Below are records with pictures; copy word for word only the lines between the line with "Paris @ Night" and the line with "揚雄八難中的其他幾難,其實不", inclusive, and drop the pictures.

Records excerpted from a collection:

+ + + +

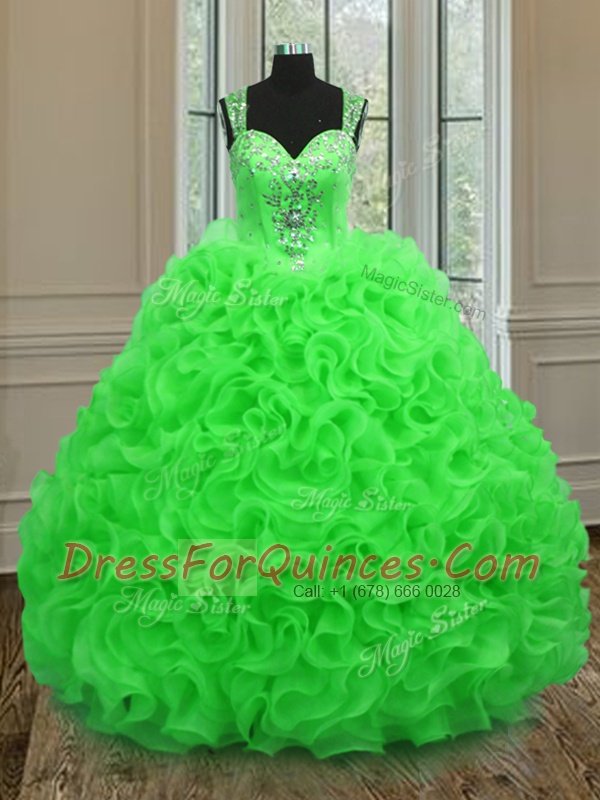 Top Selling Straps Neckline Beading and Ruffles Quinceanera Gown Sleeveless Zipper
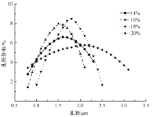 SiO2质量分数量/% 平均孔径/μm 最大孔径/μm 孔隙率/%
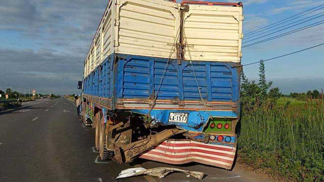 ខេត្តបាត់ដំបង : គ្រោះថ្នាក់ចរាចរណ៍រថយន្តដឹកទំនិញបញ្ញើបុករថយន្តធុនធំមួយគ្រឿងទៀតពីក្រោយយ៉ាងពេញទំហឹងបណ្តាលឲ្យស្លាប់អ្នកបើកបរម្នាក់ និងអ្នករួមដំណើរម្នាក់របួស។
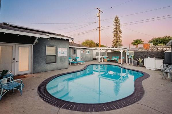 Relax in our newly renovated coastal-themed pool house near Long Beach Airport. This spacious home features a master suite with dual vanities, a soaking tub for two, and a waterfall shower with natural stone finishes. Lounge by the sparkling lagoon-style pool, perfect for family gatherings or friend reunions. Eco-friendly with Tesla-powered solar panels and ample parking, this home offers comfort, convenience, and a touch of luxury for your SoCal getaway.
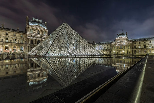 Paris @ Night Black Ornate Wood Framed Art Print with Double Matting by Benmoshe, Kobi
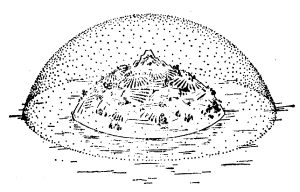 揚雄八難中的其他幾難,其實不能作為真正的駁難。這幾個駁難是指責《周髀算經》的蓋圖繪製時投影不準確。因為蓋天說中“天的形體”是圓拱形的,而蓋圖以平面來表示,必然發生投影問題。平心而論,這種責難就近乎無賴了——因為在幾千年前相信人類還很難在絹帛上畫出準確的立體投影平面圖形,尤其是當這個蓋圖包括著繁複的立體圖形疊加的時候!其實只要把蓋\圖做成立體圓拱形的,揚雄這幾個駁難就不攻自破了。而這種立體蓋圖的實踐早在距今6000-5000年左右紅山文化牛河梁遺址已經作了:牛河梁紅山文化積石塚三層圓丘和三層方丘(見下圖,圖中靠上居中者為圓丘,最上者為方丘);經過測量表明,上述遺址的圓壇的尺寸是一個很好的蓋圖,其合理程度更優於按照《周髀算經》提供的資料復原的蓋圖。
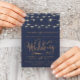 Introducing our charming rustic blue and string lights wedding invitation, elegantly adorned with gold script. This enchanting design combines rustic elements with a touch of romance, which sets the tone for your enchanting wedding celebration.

+ + + +

ANSWER TO THE PROBLEM:
 Paris @ Night Black Ornate Wood Framed Art Print with Double Matting by Benmoshe, Kobi
 揚雄八難中的其他幾難,其實不能作為真正的駁難。這幾個駁難是指責《周髀算經》的蓋圖繪製時投影不準確。因為蓋天說中“天的形體”是圓拱形的,而蓋圖以平面來表示,必然發生投影問題。平心而論,這種責難就近乎無賴了——因為在幾千年前相信人類還很難在絹帛上畫出準確的立體投影平面圖形,尤其是當這個蓋圖包括著繁複的立體圖形疊加的時候!其實只要把蓋\圖做成立體圓拱形的,揚雄這幾個駁難就不攻自破了。而這種立體蓋圖的實踐早在距今6000-5000年左右紅山文化牛河梁遺址已經作了:牛河梁紅山文化積石塚三層圓丘和三層方丘(見下圖,圖中靠上居中者為圓丘,最上者為方丘);經過測量表明,上述遺址的圓壇的尺寸是一個很好的蓋圖,其合理程度更優於按照《周髀算經》提供的資料復原的蓋圖。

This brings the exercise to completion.